7. The method of claim 1, wherein an external parameter is used to obtain the modified audio signal to compensate for nonlinear and/ or time -varying distortions.

8. The method of claim 7, wherein the external parameter is an environmental temperature.

9. The method of claim 1, wherein the input audio signal is an analog input audio signal and the modified audio signal is a modified analog audio signal, or wherein the input audio signal is a digital input audio signal and the modified audio signal is a modified digital audio signal.

10. The method of claim 1, wherein the modified audio signal is modified in such a way that loudspeaker damage is prevented.

11. A method for training a neural network, the method comprising: determining a feature set of a feedback signal and a feature set of an input audio signal based on the input audio signal; and performing a comparison of the feature set of the feedback signal with the feature set of an input audio signal to obtain a comparison result.

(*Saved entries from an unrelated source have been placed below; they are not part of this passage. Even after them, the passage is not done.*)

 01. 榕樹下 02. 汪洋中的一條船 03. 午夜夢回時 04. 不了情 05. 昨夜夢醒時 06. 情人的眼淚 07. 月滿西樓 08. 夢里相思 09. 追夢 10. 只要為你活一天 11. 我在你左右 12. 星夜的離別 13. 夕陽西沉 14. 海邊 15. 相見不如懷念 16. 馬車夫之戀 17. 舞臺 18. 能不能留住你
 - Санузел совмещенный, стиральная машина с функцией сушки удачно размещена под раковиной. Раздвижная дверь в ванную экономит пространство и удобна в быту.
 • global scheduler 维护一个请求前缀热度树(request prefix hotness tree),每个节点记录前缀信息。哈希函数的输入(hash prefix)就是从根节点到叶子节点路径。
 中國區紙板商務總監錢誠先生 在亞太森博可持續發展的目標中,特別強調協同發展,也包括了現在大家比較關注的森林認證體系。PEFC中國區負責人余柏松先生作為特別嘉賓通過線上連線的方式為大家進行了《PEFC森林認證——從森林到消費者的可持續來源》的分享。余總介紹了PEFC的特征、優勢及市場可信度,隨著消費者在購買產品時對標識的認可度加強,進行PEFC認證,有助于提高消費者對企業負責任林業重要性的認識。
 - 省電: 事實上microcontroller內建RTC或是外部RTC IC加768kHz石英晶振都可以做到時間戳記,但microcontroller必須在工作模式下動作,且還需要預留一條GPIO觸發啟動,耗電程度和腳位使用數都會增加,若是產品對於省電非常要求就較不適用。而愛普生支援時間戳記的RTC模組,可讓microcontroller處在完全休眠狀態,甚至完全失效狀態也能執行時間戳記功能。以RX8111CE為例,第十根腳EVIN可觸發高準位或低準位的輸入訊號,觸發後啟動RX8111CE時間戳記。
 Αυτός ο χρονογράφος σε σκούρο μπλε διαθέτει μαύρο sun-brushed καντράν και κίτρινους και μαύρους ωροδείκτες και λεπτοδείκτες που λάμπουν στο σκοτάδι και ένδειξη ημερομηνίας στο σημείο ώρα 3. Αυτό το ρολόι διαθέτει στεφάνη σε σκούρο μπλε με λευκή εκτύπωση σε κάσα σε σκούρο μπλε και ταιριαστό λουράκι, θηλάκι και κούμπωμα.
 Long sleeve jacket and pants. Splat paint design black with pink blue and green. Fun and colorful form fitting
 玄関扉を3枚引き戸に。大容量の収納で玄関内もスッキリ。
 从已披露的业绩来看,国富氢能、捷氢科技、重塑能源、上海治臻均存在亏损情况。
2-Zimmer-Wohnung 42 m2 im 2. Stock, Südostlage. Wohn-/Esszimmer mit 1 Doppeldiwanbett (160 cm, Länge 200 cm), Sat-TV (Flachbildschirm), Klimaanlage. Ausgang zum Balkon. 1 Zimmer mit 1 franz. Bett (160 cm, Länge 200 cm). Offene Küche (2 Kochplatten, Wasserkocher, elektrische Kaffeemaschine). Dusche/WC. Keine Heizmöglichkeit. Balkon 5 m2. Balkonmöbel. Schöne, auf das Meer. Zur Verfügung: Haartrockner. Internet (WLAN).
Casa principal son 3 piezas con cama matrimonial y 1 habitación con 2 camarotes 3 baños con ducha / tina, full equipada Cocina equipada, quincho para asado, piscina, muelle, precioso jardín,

12. The method of claim 11, wherein the method for training a neural network further comprises performing feature extraction on the feedback signal to obtain the feature set of the feedback signal, and/or wherein the method for training a neural network further comprises performing feature extraction on the input audio signal to obtain the feature set of the input audio signal.

13. The method of claim 11, wherein the method for training a neural network further comprises obtaining a parameter at a loudspeaker, wherein the parameter obtained at the loudspeaker is a temperature of the loudspeaker, and wherein the method for training a neural network further comprises feeding the parameter to an input layer of the neural network.

14. The method of claim 13, wherein the method for training a neural network further comprises optimizing neural network weights based on the comparison result and the temperature of the loudspeaker.

15. The method of claim 11 or 14, wherein the method for training a neural network further comprises obtaining an external parameter, and wherein the external parameter is an environmental temperature.

16. The method of claim 15, wherein the method for training a neural network further comprises optimizing neural network weights based on the comparison result and the environmental temperature.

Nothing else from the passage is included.